DIGITAL LIBRARY
THE IMPORTANCE OF DRAWING IN THE ARCHITECTURE PROJECT AND ITS TEACHING
Málaga University (SPAIN)
About this paper:
Appears in: INTED2017 Proceedings
Publication year: 2017
Pages: 3439-3443
ISBN: 978-84-617-8491-2
ISSN: 2340-1079
doi: 10.21125/inted.2017.0861
Conference name: 11th International Technology, Education and Development Conference
Dates: 6-8 March, 2017
Location: Valencia, Spain
Abstract:
We start designing working and thinking with our hands. With them, we can shape an external object first and think and develop the architectural project through it. When designing, our hands act as tools that move between the worlds of matter and thought, making it possible to work with our ideas, clarifying them and fixing them up into something buildable.
This article tries to explore the role of our hands when designing in order to learn more about the process of creating the architectural project and the way it is generated, to finally speak about issues interesting for us concerning the way they are taught.
During this process, drawing assumes a prominent role, not only as an instrument allowing the representation of the projectual idea itself, making it visible and defining its materialization and construction, but also as an element that generates thinking, as it is through drawing that we can work and think on the idea that originates it.
Drawing, building models..., in short, working with your hands consciously, leads us to develop a thinking process in which gaze and hands work together. It would be necessary to claim that action for the teaching of architectural projects as a method of doing and thinking. During the project development, it would be necessary for students to learn how to work with instruments, tools... that resist the achievement of mere projections or mechanical representations of those things before their eyes, to get into the being of things, their presence or their being present.
In this respect, and in the field of the architectural project teaching, it is essential to highlight the importance of drawing due to its effectiveness to transmit and express a form of thinking.
As Martin Heidegger suggests, our hands are organs for our thinking.
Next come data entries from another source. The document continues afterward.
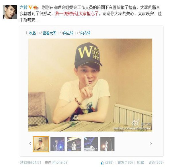 近年来歌手被舞台“陷害”的情况时有发生,歌手在上舞台正式开唱前都有正式彩排,但唱到兴起难免会有不小心,在户外举行的演唱会因为会受到天气影响,在舞台上滑倒也是常事。最遗憾的是21年前从舞台上跌落的黄家驹,一代神话辞世,但留给大众诸多经典,令人永远怀念。数年前从舞台摔伤双腿的杨坤,一时无法重现“踩烟头”形象,但通过《中国好声音》获得演艺生涯新高并获以“32郎”之称,也算是因祸得福。据悉这次在佳木斯演唱会由于舞台舞美安装的问题,六哲在与观众互动的时候不慎从舞台台口处跌入台下,顿时数名安保人员迅速赶到其跌倒位置,六哲由于平时酷爱害游泳等健身运动身体素质很好起身回到舞台并演唱完所有的曲目,好在没有受到严重的摔伤,演唱会结束后立即赶到医院检查,所幸没有大碍,让现场数万名观众和媒体及组委会人员捏了一把汗。当晚群星演唱会,云集乐坛人气歌手,张靓颖、周华健等众艺人也在后台对六哲致以关心慰问。对于本次受伤,六哲自信的称“越挫越勇”,并发布微博向粉丝报平安。经纪人宋旭表示接下来会更加慎重确保巡演安全。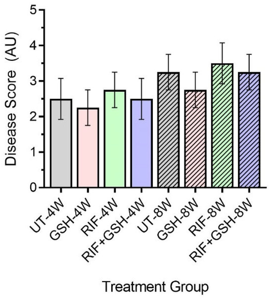 Disease score of livers in untreated and treated db/db M. tb-infected mice. UT: untreated; GSH: glutathione-treated; RIF: rifampicin-treated; GSH+RIF: glutathione plus rifampicin-treated—data from 4 animals per group. No statistically significant differences were noted between groups; data were analyzed by one-way ANOVA with Tukey’s post-correction.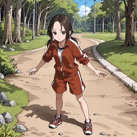 track jacket,red jacket,sleeves rolled up, track shorts,red shorts,

When they are not working in order to know or learn, they are thinking. Drawing, building models, sketching... is a matter of “doing” that turns into a way of “thinking” where hands and ideas are joined together as long as the project is carried out. Therefore, the value of drawing lies in its function as a tool for reflection.
Designing means to think in a graphic way, to materialise our ideas through our hands to work with them, think about them and, to materialize them once more. Sketches, models, collages, schemes... suitable for every step during the project development allow us to check the different design options, test and error trials. These act as critical instruments that inform about the validity of every decision taken. This is why the project cannot emerge from the mere application of a static, definitely established knowledge, but from a dialectical process between thought and action, gaze and hands.
Therefore, we could say that the drawing is an instrument of reflection that allows us to focus our thoughts, to define a support to contain, shape and define them, and to communicate the essence of our ideas, specifying and fixing them to turn them into something buildable.
Hence the importance in the development of any project and in his teaching not only of those drawings that shape that graphic documentation enabling the building of architecture in every aspect, but also of the early drawings, sketches, schematic drafts and series of images that try to study its context... and already contain the first projectual idea, clear and definitive, anticipating the formalisation of the project and sensing some material, building and structural conditions.
Keywords:
Learning, teaching, creative, methodology, architecture, architectural project, hands, drawing.